- Exercise aim: All the data should be printed again exactly as written.

.....

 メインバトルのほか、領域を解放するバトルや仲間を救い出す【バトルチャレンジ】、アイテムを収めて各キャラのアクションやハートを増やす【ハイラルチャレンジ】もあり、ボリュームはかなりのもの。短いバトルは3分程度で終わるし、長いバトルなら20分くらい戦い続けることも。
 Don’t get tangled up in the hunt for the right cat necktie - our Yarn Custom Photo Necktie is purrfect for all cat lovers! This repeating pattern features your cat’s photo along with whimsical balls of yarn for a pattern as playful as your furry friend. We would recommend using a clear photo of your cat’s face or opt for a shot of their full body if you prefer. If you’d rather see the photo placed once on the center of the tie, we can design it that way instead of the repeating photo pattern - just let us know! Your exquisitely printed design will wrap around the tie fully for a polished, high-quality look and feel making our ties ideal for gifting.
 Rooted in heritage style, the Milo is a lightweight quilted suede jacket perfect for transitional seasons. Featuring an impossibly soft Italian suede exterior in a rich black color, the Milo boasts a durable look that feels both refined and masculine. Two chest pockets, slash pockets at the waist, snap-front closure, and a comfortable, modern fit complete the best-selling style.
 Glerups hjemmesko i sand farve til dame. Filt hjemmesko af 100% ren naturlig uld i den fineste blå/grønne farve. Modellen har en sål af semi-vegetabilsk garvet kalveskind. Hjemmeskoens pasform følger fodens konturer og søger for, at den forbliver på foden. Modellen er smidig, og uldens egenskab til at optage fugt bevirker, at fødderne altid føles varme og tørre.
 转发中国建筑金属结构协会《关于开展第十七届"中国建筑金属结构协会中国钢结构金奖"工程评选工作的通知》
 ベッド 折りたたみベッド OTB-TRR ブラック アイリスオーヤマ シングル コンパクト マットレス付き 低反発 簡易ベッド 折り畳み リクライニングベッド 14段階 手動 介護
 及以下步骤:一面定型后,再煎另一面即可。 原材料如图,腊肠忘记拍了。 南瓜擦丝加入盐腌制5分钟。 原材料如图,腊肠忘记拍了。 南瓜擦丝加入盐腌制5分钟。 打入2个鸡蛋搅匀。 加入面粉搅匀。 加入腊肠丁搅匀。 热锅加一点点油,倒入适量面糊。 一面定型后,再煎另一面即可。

.....

- Your solution:
 メインバトルのほか、領域を解放するバトルや仲間を救い出す【バトルチャレンジ】、アイテムを収めて各キャラのアクションやハートを増やす【ハイラルチャレンジ】もあり、ボリュームはかなりのもの。短いバトルは3分程度で終わるし、長いバトルなら20分くらい戦い続けることも。
 Don’t get tangled up in the hunt for the right cat necktie - our Yarn Custom Photo Necktie is purrfect for all cat lovers! This repeating pattern features your cat’s photo along with whimsical balls of yarn for a pattern as playful as your furry friend. We would recommend using a clear photo of your cat’s face or opt for a shot of their full body if you prefer. If you’d rather see the photo placed once on the center of the tie, we can design it that way instead of the repeating photo pattern - just let us know! Your exquisitely printed design will wrap around the tie fully for a polished, high-quality look and feel making our ties ideal for gifting.
 Rooted in heritage style, the Milo is a lightweight quilted suede jacket perfect for transitional seasons. Featuring an impossibly soft Italian suede exterior in a rich black color, the Milo boasts a durable look that feels both refined and masculine. Two chest pockets, slash pockets at the waist, snap-front closure, and a comfortable, modern fit complete the best-selling style.
 Glerups hjemmesko i sand farve til dame. Filt hjemmesko af 100% ren naturlig uld i den fineste blå/grønne farve. Modellen har en sål af semi-vegetabilsk garvet kalveskind. Hjemmeskoens pasform følger fodens konturer og søger for, at den forbliver på foden. Modellen er smidig, og uldens egenskab til at optage fugt bevirker, at fødderne altid føles varme og tørre.
 转发中国建筑金属结构协会《关于开展第十七届"中国建筑金属结构协会中国钢结构金奖"工程评选工作的通知》
 ベッド 折りたたみベッド OTB-TRR ブラック アイリスオーヤマ シングル コンパクト マットレス付き 低反発 簡易ベッド 折り畳み リクライニングベッド 14段階 手動 介護
 及以下步骤:一面定型后,再煎另一面即可。 原材料如图,腊肠忘记拍了。 南瓜擦丝加入盐腌制5分钟。 原材料如图,腊肠忘记拍了。 南瓜擦丝加入盐腌制5分钟。 打入2个鸡蛋搅匀。 加入面粉搅匀。 加入腊肠丁搅匀。 热锅加一点点油,倒入适量面糊。 一面定型后,再煎另一面即可。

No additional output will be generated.